This is an attempt to modularize many of the most effective extensions of the DQN algorithm so they can easily be mixed together. The code is written in TensorFlow. The goal is to easily test mixtures of extensions/algorithms like in the Rainbow paper, as well as to produce simple implementations of these algorithms for learning purposes. See the examples folder to see how the module is used. If you are looking for a more production ready library with many more features then try TensorForce
- DQN
- Double Q-Learning
- Prioritized Experience Replay
- Proporitional variant (tends to be favorable amongst most papers)

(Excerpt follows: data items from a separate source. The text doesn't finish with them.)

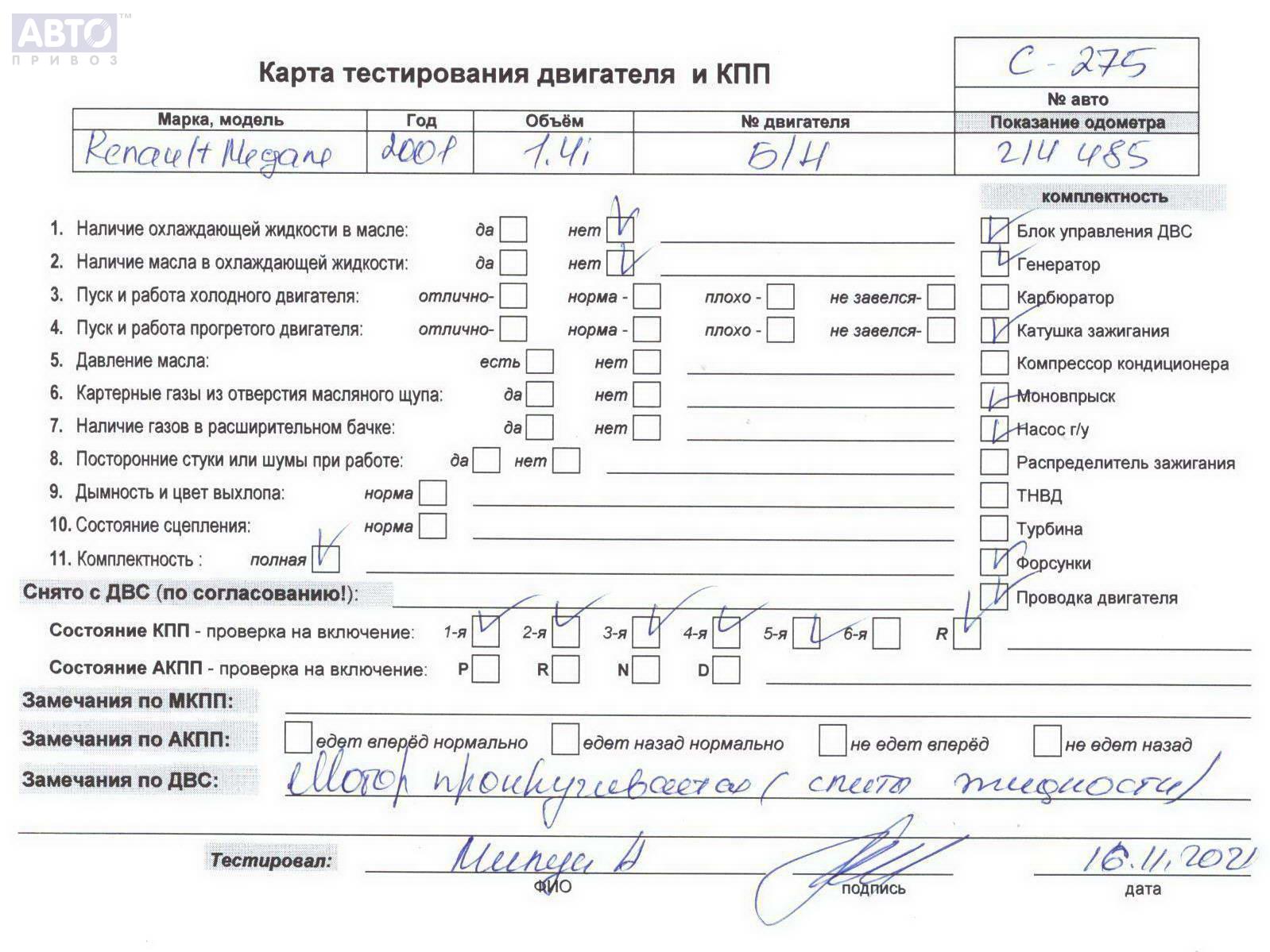 | Автомобиль / VIN: | C0275 VF1DA1H0524575237 |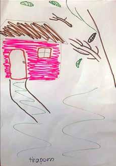 I can’t say this was a successful workshop for collecting information. The children were laughing and drawing, so it was enjoyable for them. However I wanted to ask more uncomfortable questions as prompts for their drawings. I am aware of how there is a prominent cultural norm throughout Asia where people don’t talk openly about uncomfortable subjects or directly address solving problems. Therefore, I waited too long into the session to give a tougher question to the children. They were obviously restless. The question I was able to pose was “what do you fear the most?” The drawings were made quickly, I think because they were anxious to run off as a group. Every child drew a natural disaster, such as the strength of the wind or the river rising and flooding their home or their home floating down the river. The children told me through an interpreter what the drawings were about. However, I don’t know if because they were in a rush a few people thought of the natural disaster and the rest followed which is a possibility with children. All and all I thought the response to this one question was very interesting and led to me ask questions that led to being told of past recent floods and damaging wind storms. I had not realized how vulnerable the village was seated along a river while homes are built with very impermanent methods.
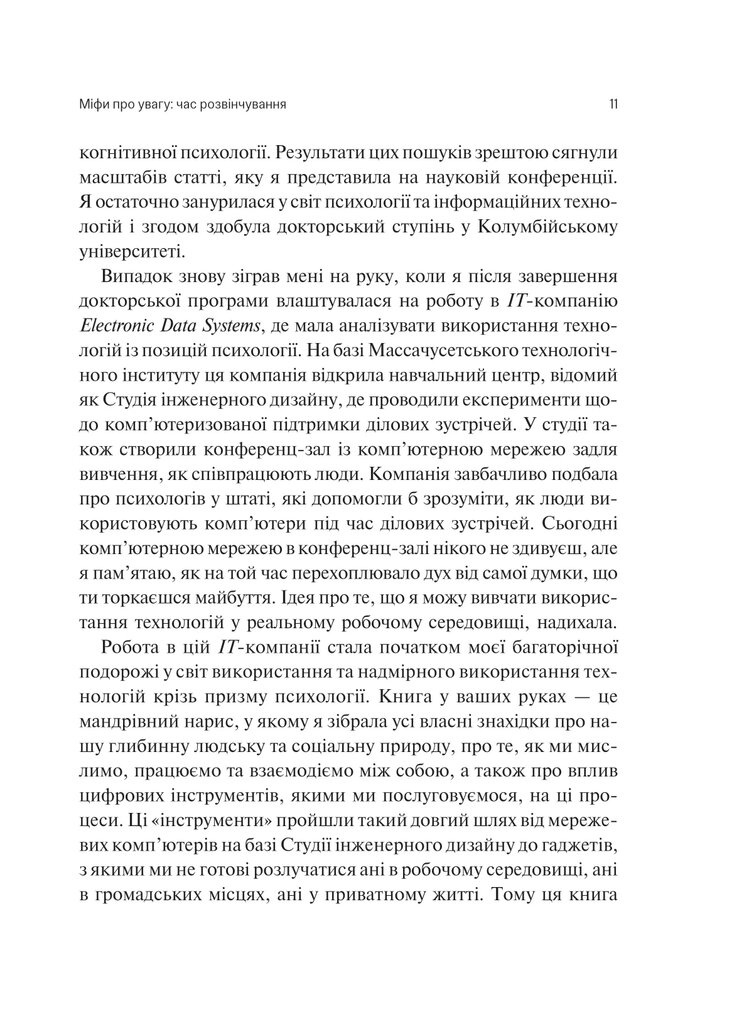 Авторка — докторка філософії, професорка інформатики Каліфорнійського університету — досліджує, як цифрова епоха трансформує нашу поведінку, викликає фрагментацію уваги та формує звички постійного самопереривання. Згідно з її дослідженнями, людина перемикає увагу щодня у 20 сферах діяльності, а кожні 10,5 хвилин втрачає зосередженість. Відновлення концентрації на перерваному завданні займає приблизно 25 хвилин.

- Rank-Based variant (Not yet optimized with precomputed segments)
- Dueling Networks
- Multi-Step Learning
- Distributional RL (C51)
- Noisy Nets
- Quantile Regression (QR-DQN)
- NAF (Algorithm 1 only)
- Frame skipping
- Because of this I have not yet added easy support for convolutional layers. This can easily be done by using a custom network or by updating the code
- This can probably easily be supported by using OpenAI Baseline's frame skipping code
- A few algorithms need to add support for gradient clipping and reward clipping
- A better way to save/load a model
- A logging system/TensorBoard support
- Documentation
- Probably a lot of things I'm not even aware of !
- I hope to add the following:
- Add Horovod support for distributed training
- If possible to modularize, I would like to extend this module to include policy gradient methods such as PPO, rather than just DQN
- I would like to add support for PyTorch
I don't have proof that any algorithm's implementation is correct. In implementing an algorithm I do the following:
- Read the paper and any blogs on the paper and/or existing implementations I can find
- Write my own implementation of the algorithm
- Do basic math checks. For example, making sure the algorithm gives a proper probability distribution
- Ensure the algorithm can gain a very high score on a basic OpenAI gym enviornment like CartPole or MountainCar
- This sometimes requires a few tries, as these algorithms seem to be highly reliant on initial conditions (as seems to be reported by many working in the field)
In addition, the API will most likely change. As more algorithms are added, sometimes a new level of abstraction is needed to keep the code modular (or simply a better way is found)
If you are trying to learn how to implement these algorithms and are having a hard time, then you are not alone. Many of those who implement the main RL libraries seem to agree with this (See Section 2). Many implementations have glaring errors due to ambiguous language like 'error clipping' or misunderstandings (this library itself may have many -- see the disclaimer). There is not yet a standard textbook in the field. Papers sometimes leave out/hop around important things like frame skipping or an edge case which causes loss of probability mass. Sometimes the math seems to make no sense or skips way too many steps. Vectorizing something in multiple dimensions can have your head smashing into things in multiple dimensions. And once you are finally convinced that your implementation works, it may not replicate the results of a paper, take many tries to work, or work and then suddenly start doing poorly again (these results are normal). Trying to understand everything at once is overwhelming. Don't be discourged. Even OpenAI recognizes the learning curve and have just released Spinning Up in an attempt to help. Here are some resources that have helped me along the way:
- OpenAI Baselines (This is where I started from)
- TensorForce (Also check out their blog)
- Reinforcement Learning (Sutton, Barto 2017)
- OpenAI Spinning Up (I wish I had this in the beginning!)
- Blog posts. These can be extremely helpful for understanding a paper
- Other people's implementations are of course wonderful. But be wary that they are correct/complete (including within this module!)